Assignment: Pictures stay out; everything else in the records gets transcribed exactly.

Segment Start: Data records

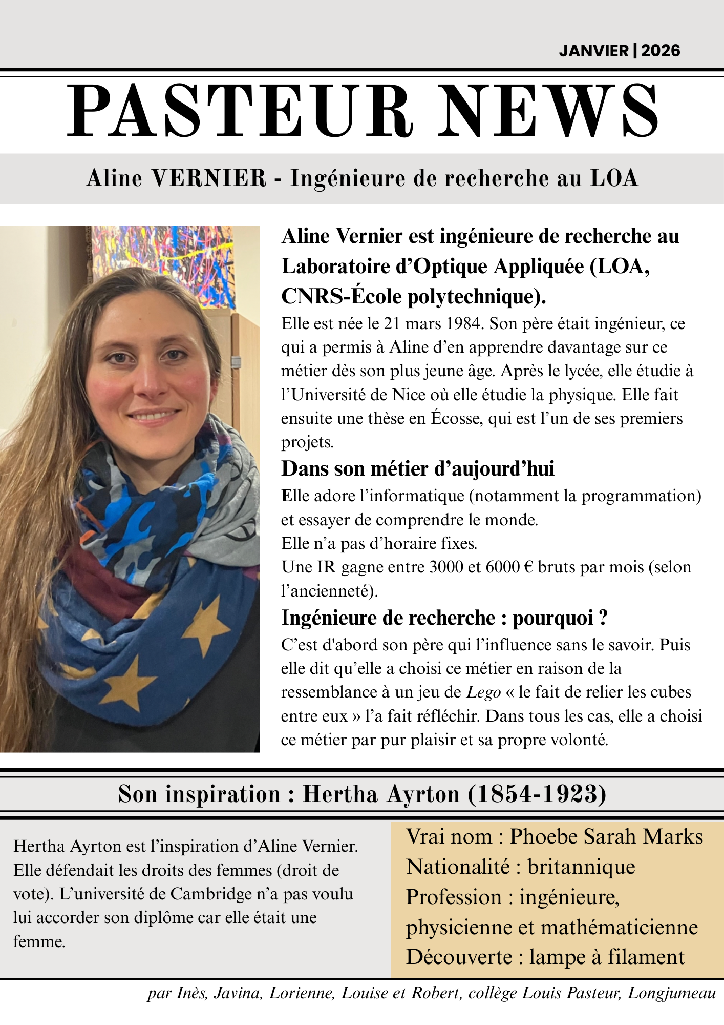 Portait-article d’Aline Vernier (LOA) réalisé par Inès, Javina, Lorienne, Louise et Robert, 303 :
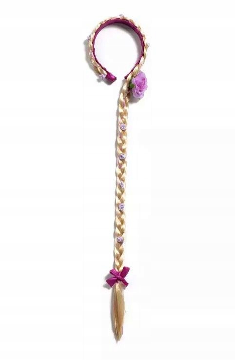 Повязка Рапунцель из сказки «Заплатани» с длинной косой, украшенной цветами.
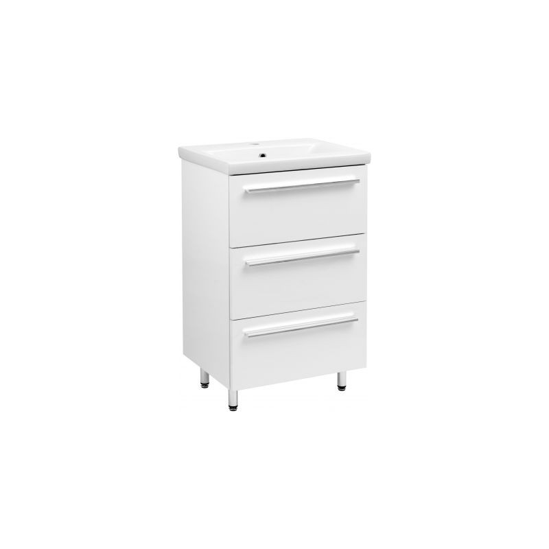 Meble z tej serii urzekają ponadczasową bielą w wysokim połysku. Korpusy oraz fronty wykonano z wytrzymałej, lakierowanej płyty, cechującej się odpornością na wilgoć i intensywne użytkowanie. Konstrukcja osadzona jest na metalowych, srebrnych nóżkach, które optycznie odciążają bryłę, a jednocześnie gwarantują stabilność i solidne podparcie. To wyrazisty detal, stanowiący znak rozpoznawczy kolekcji.
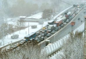 На фото: автомобильная пробка во время снегопада в Москве, Россия.
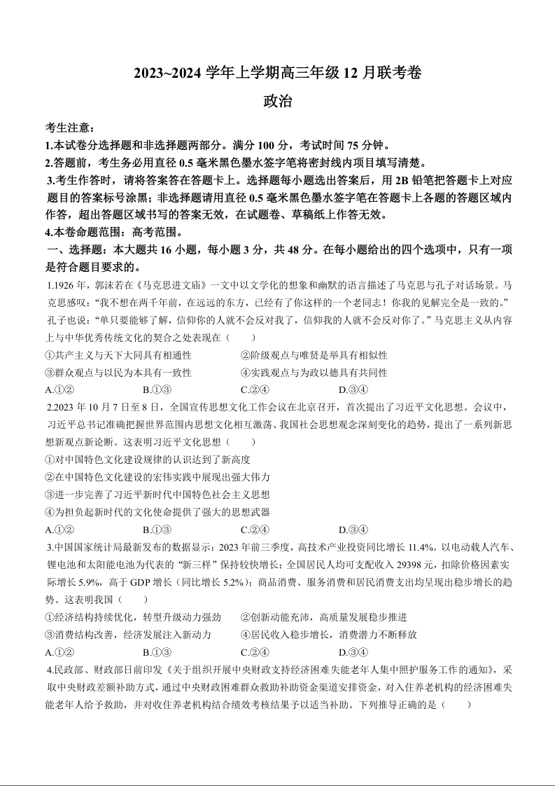 辽宁省朝阳市建平县2024届高三上学期12月联考政治+答案
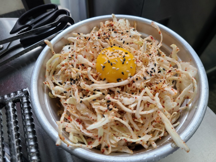 양배추 겉절이도 푸짐하게 주십니다. 약간 달달하면서 매콤하고, 고소한게 정말 맛있습니다.

Segment End: Data records

Written answer:
 Portait-article d’Aline Vernier (LOA) réalisé par Inès, Javina, Lorienne, Louise et Robert, 303 :
 Повязка Рапунцель из сказки «Заплатани» с длинной косой, украшенной цветами.
 Meble z tej serii urzekają ponadczasową bielą w wysokim połysku. Korpusy oraz fronty wykonano z wytrzymałej, lakierowanej płyty, cechującej się odpornością na wilgoć i intensywne użytkowanie. Konstrukcja osadzona jest na metalowych, srebrnych nóżkach, które optycznie odciążają bryłę, a jednocześnie gwarantują stabilność i solidne podparcie. To wyrazisty detal, stanowiący znak rozpoznawczy kolekcji.
 На фото: автомобильная пробка во время снегопада в Москве, Россия.
 辽宁省朝阳市建平县2024届高三上学期12月联考政治+答案
 양배추 겉절이도 푸짐하게 주십니다. 약간 달달하면서 매콤하고, 고소한게 정말 맛있습니다.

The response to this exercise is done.